Section 5 - Lazy Deletion

4B.5.1 Lazy Deletion

An example of an additional member that can simplify algorithms is the inclusion of a boolean deleted member in a node class. This member would be set to true if the node has been remove()-d from the tree. As you have no doubt noticed, removal is one of the hardest parts of a tree ADT. If a fast removal is essential, one can use the proposed deleted member to completely resect this aspect of the problem by simply searching for the node and, if found, setting deleted = true. Clearly this will affect other algorithms like find() and insert(). However, in some cases, it actually speeds up those methods For example, if you attempt to insert() a node that is already there, but is marked deleted, all you have to do is change the deleted member back to false! This technique is called lazy deletion.

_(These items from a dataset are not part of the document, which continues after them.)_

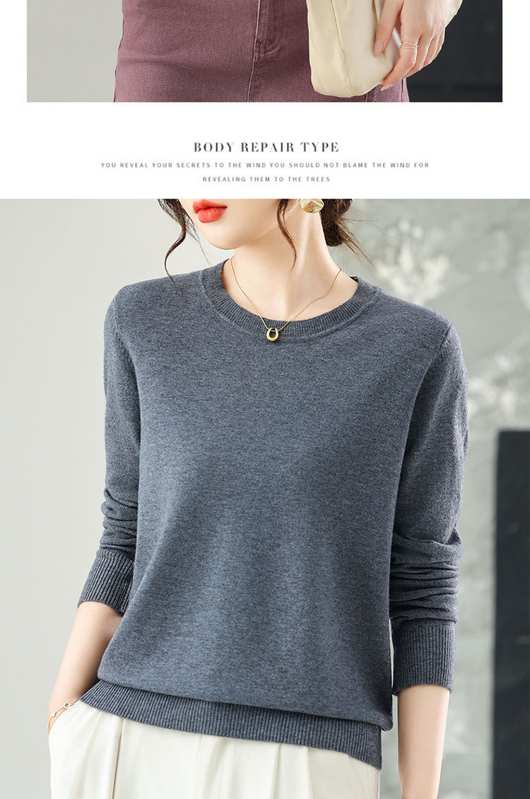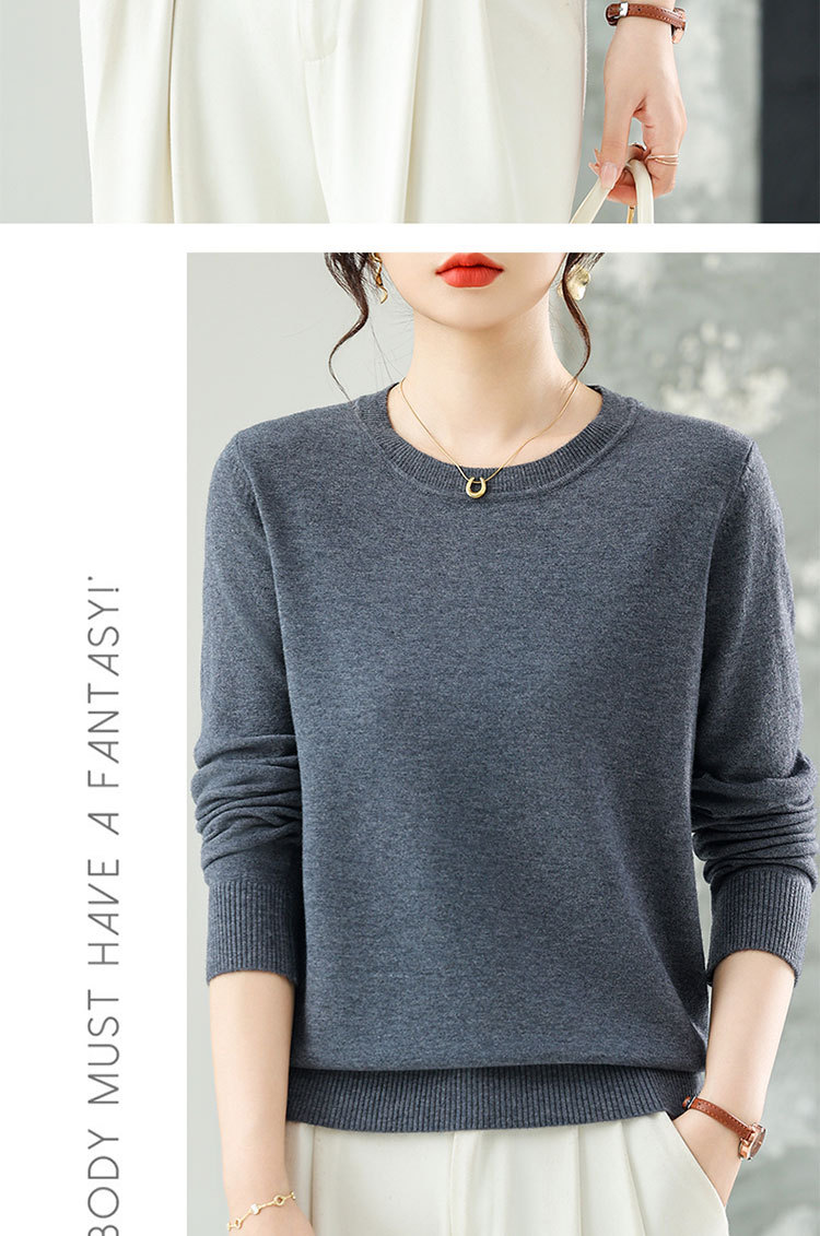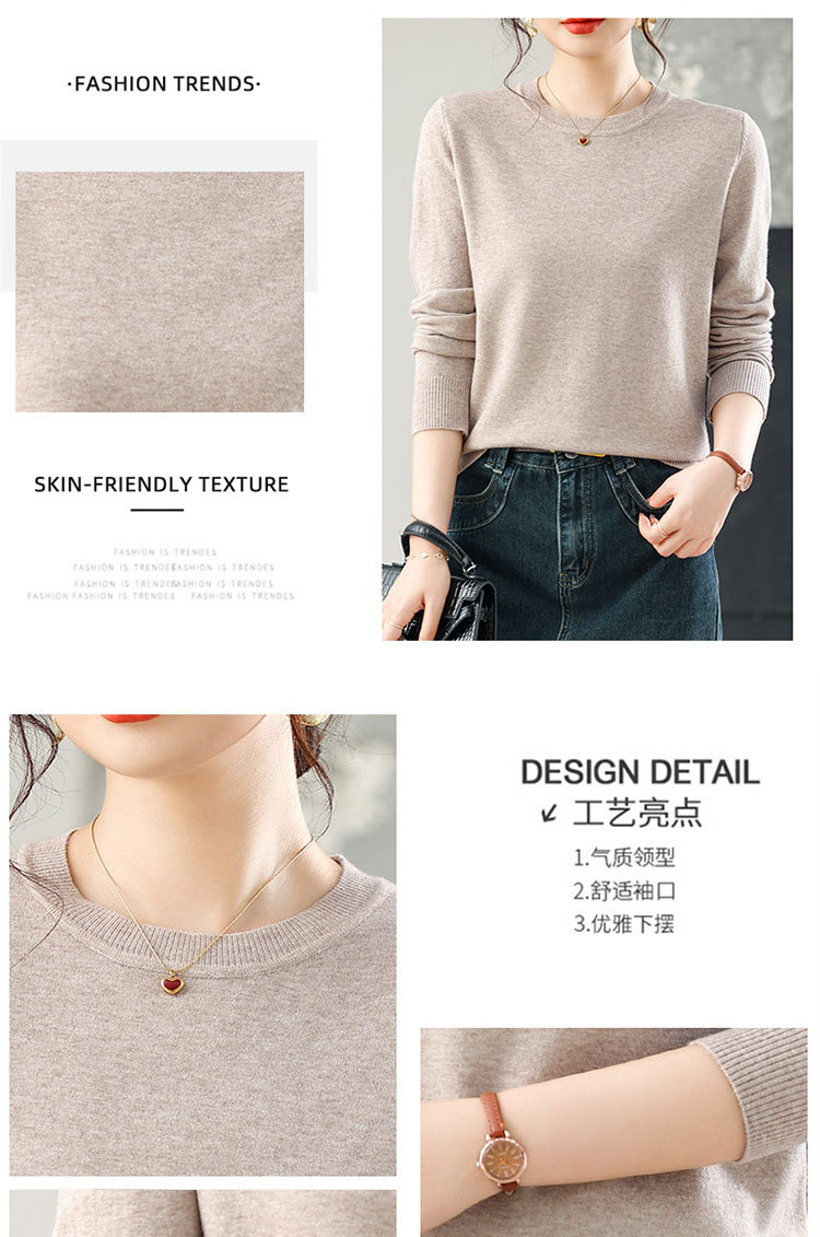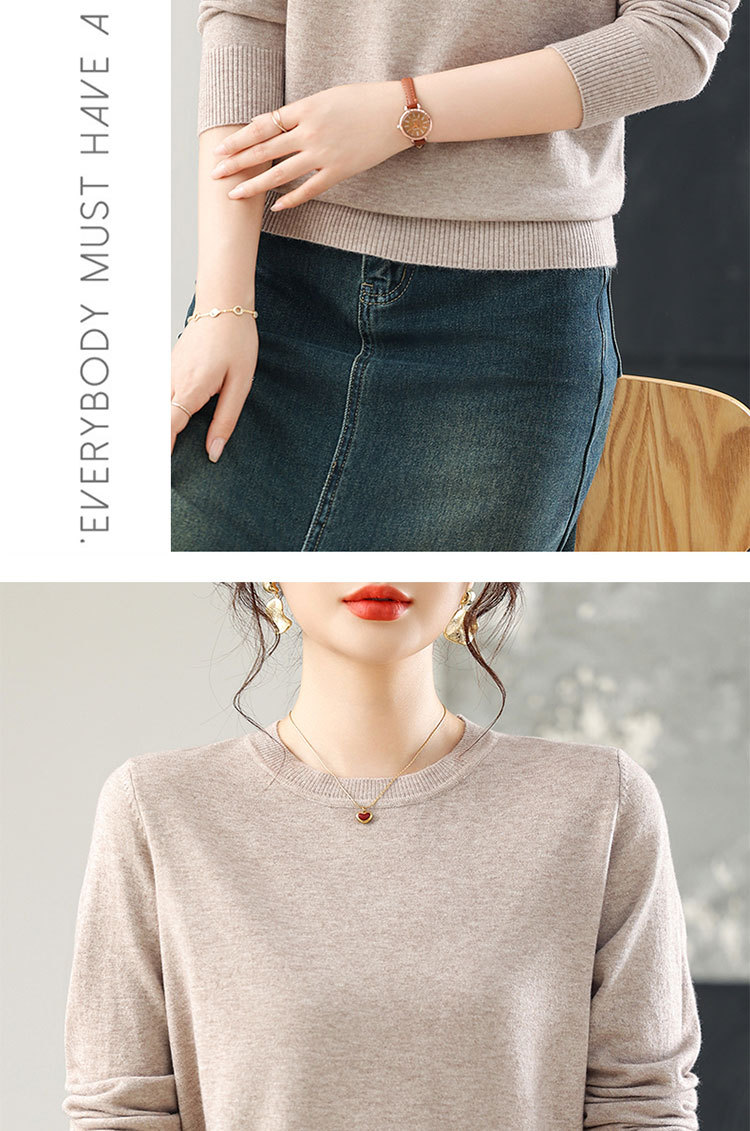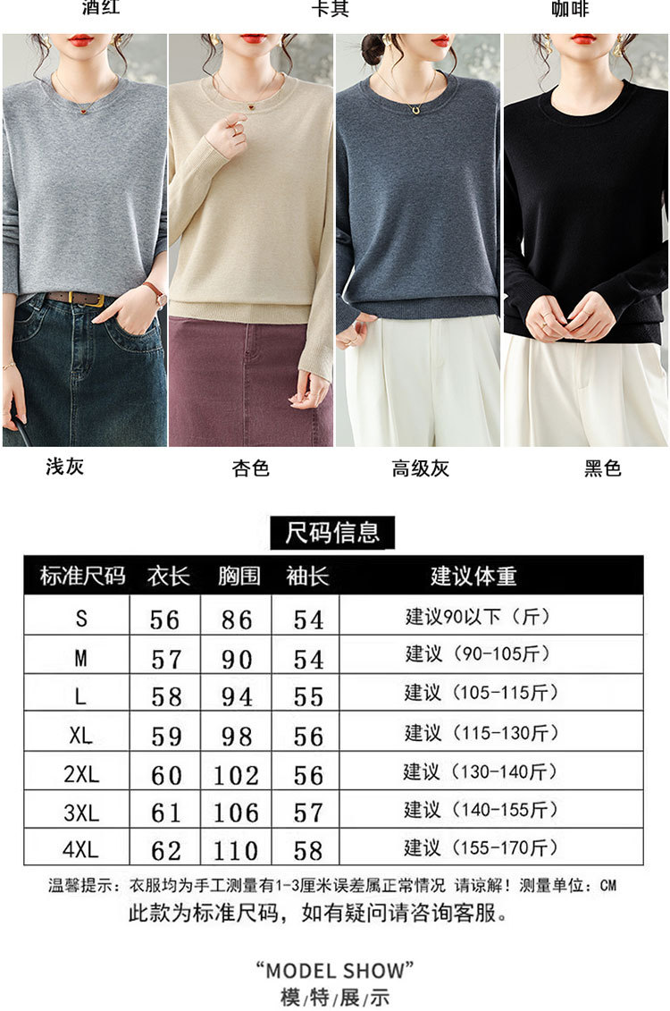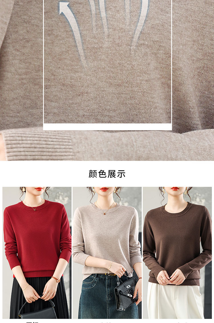 【厂家直供】纯色圆领毛衣女秋季新款宽松百搭显瘦减龄针织打底衫
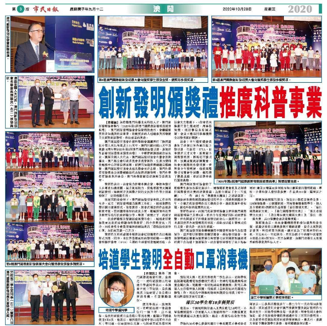 (八) 10 月 29 日(星期日)下午四时,举行 “第 11 届澳门国际创新发明展” 颁奖典礼 (会在网上进行直播) ;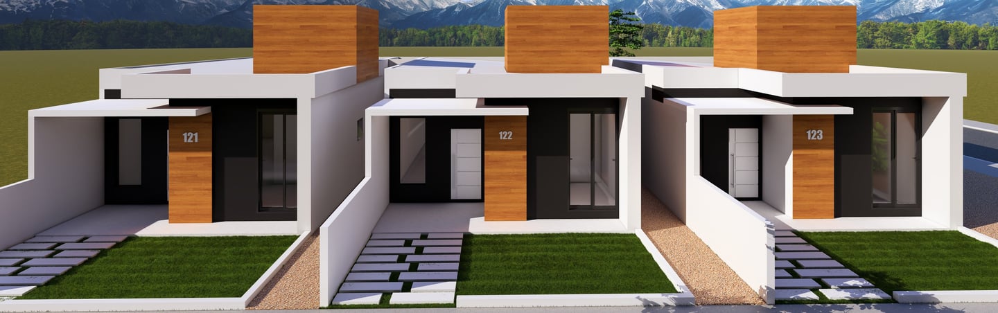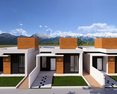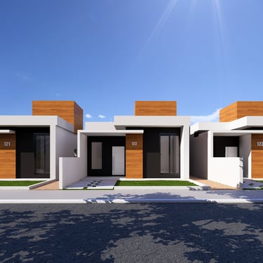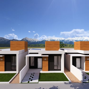 Cada unidade possuí uma área construída de 80,60 m² com dois quartos, sendo uma suíte.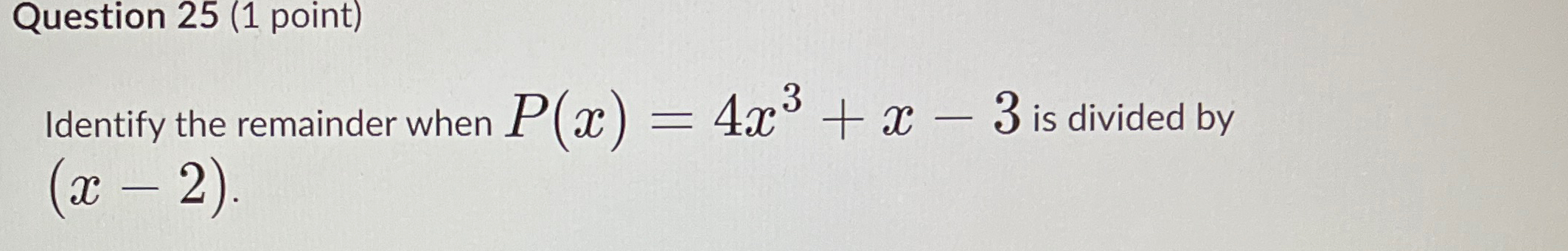 Solved Question 25 (1 point)Identify the remainder when | Chegg.com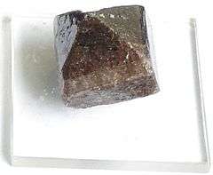 Zircon is ubiquitous in the crust of Earth. It occurs as a common accessory mineral in igneous rocks (as primary crystallization products), in metamorphic rocks and as detrital grains in sedimentary rocks.[1] Large zircon crystals are rare. Their average size in granite rocks is about 0.1–0.3 mm, but they can also grow to sizes of several centimeters, especially in mafic pegmatites and carbonatites.[1] Zircon is also very resistant to heat and corrosion.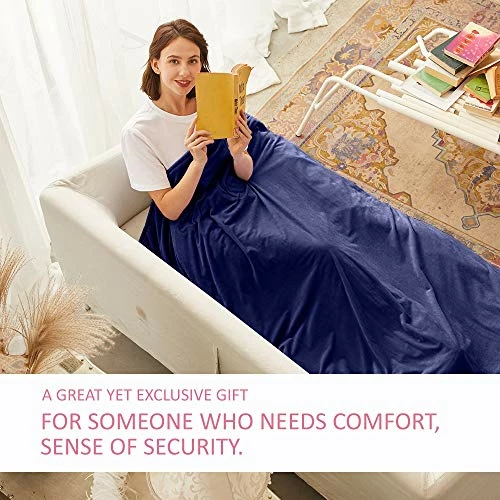 Hiseeme Weighted Blanket Queen Size(18lbs, 60″x80″, Navy Blue, For Adults Soft And Luxury Minky Shell With Premium Glass Beads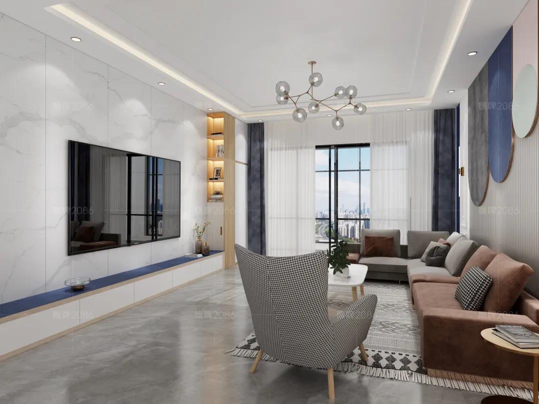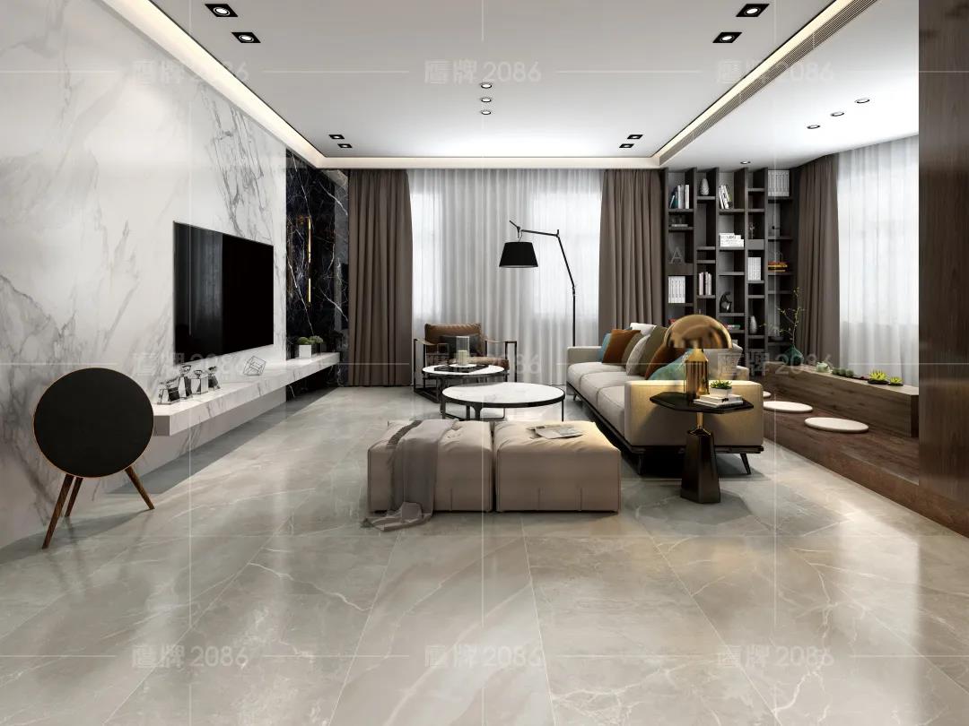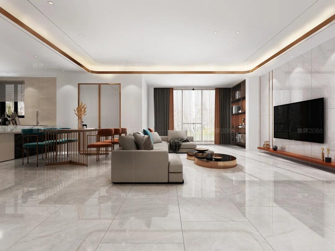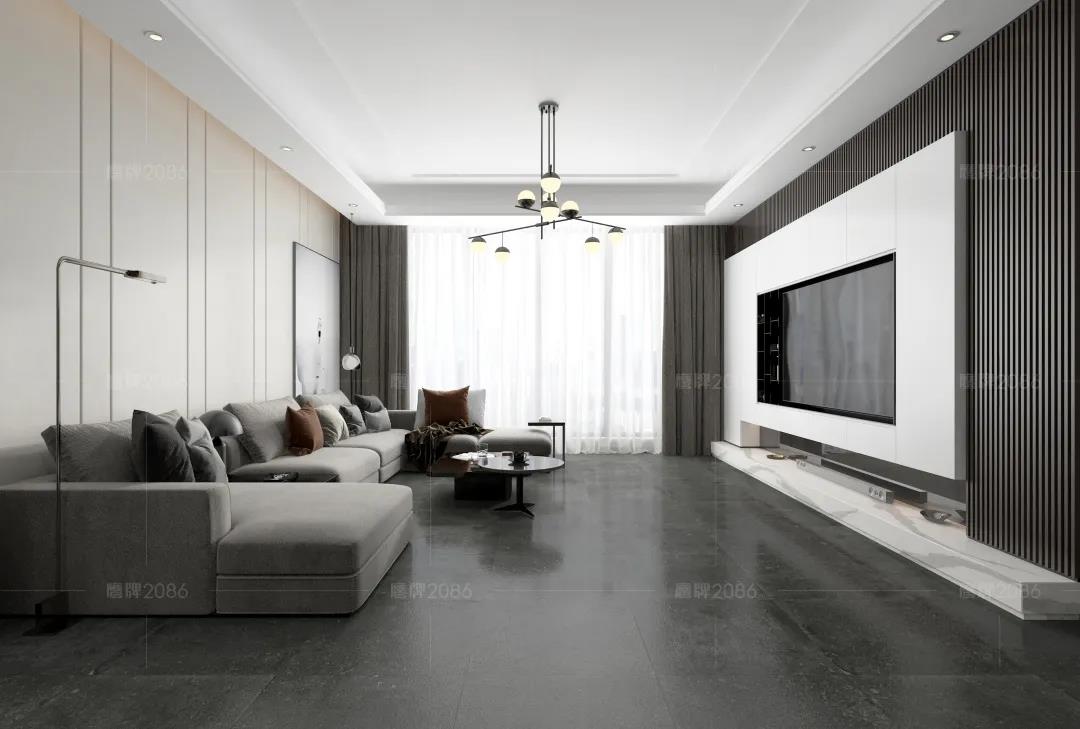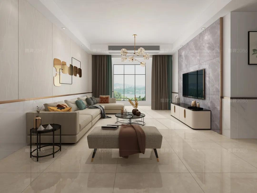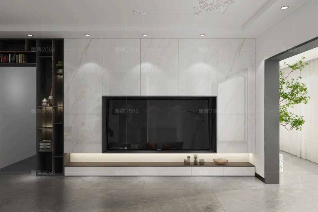 电视背景墙的瓷砖建议选择柔光砖或哑光砖,款式以简约为宜,这样在看电视时不会被晃花眼,低光感度的瓷砖无光污染,让视觉更舒适。
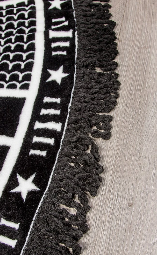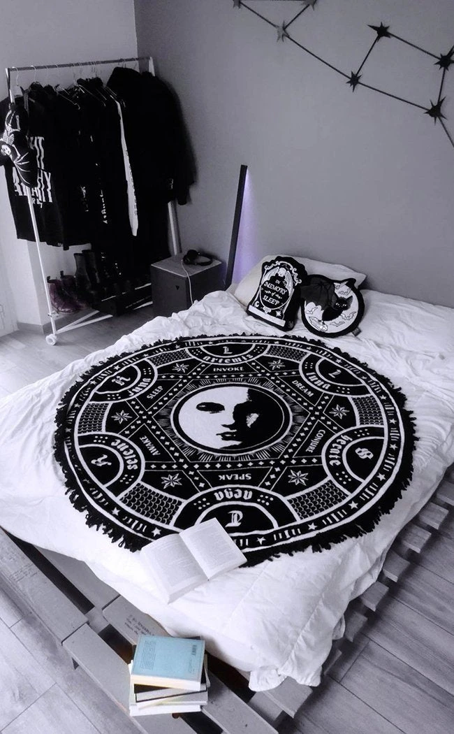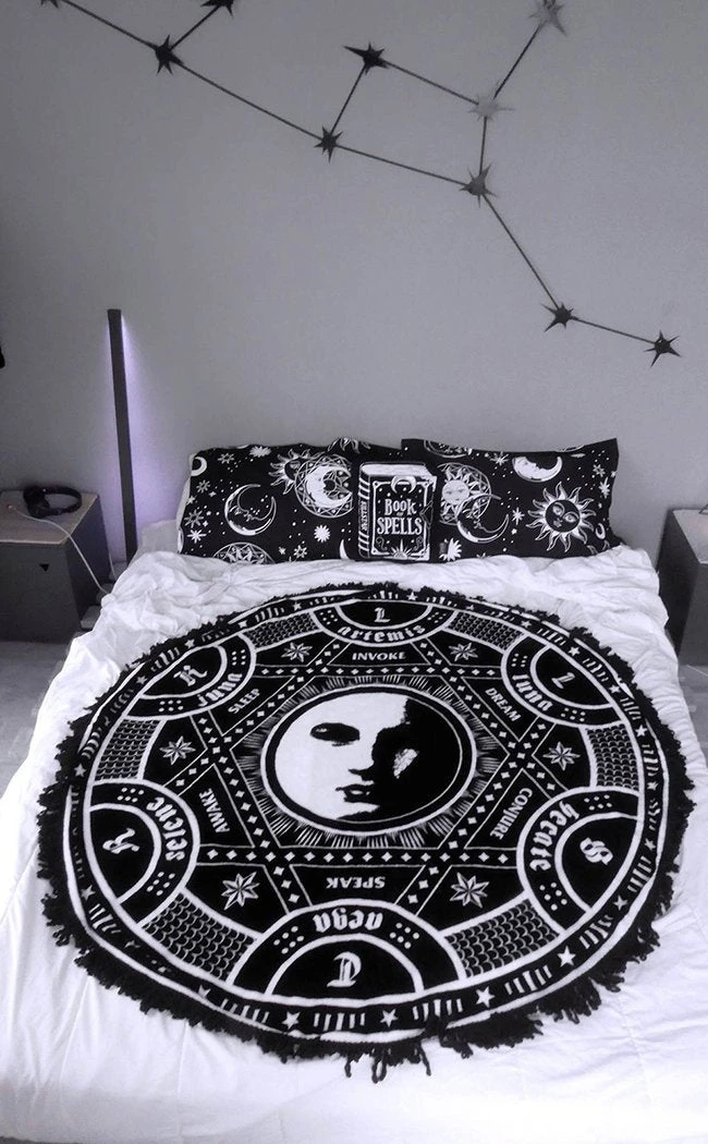 All things become clear in the light of the moon. A shadowed lunar face sits at the centre of a 6 pointed star, surrounded by elaborate text and serpent scale patterns. Lay over your doona or curl up on the couch with lunar magick.

In lazy deletion, there would have to be a garbage collection mechanism that allows the client programmers the ability to prune all the deleted nodes from the tree - to really get rid of them. This does not have to be a fast function, though, since the idea is it would only be used when the system was off-line or in a non-critical state. Here are a couple ideas:

Traverse the tree, looking for nodes that have deleted == true. When found, apply the real ("hard") remove().
Create a second, empty tree. Then traverse the old tree, stopping only at non-deleted nodes, and when found, add them to the new tree.

4B.5.2 Some Things Required of Lazy Deletion

Lazy deletion isn't all that lazy. It trades the complexity of removal with some new complexities in other methods that have to cope with the possibility that some of the nodes still hanging in the tree are "stale". Here are a few potential treacheries that must be negotiated when implementing lazy deletion:

The tree node type has to be adjusted to accommodate the new bool deleted member. This is short, but you cannot skip the smallest detail or nothing will work.
Methods like find(), findMin(), operator=(), etc. must be tweaked to allow for the, now, two different ways that a node is deemed to be "not really there".
Garbage collection must be implemented carefully, and it must be thoroughly tested.
The old version of remove() will probably still need to be included in some form as a private utility for use by garbage collection -- assuming garbage collection is not handled by just building an entirely new tree. It should be renamed something like removeHard() (for "hard removal" in contrast to the new "soft removal" that our lazy remove() effects). removeHard() cannot be just a renamed method - it requires some tinkering.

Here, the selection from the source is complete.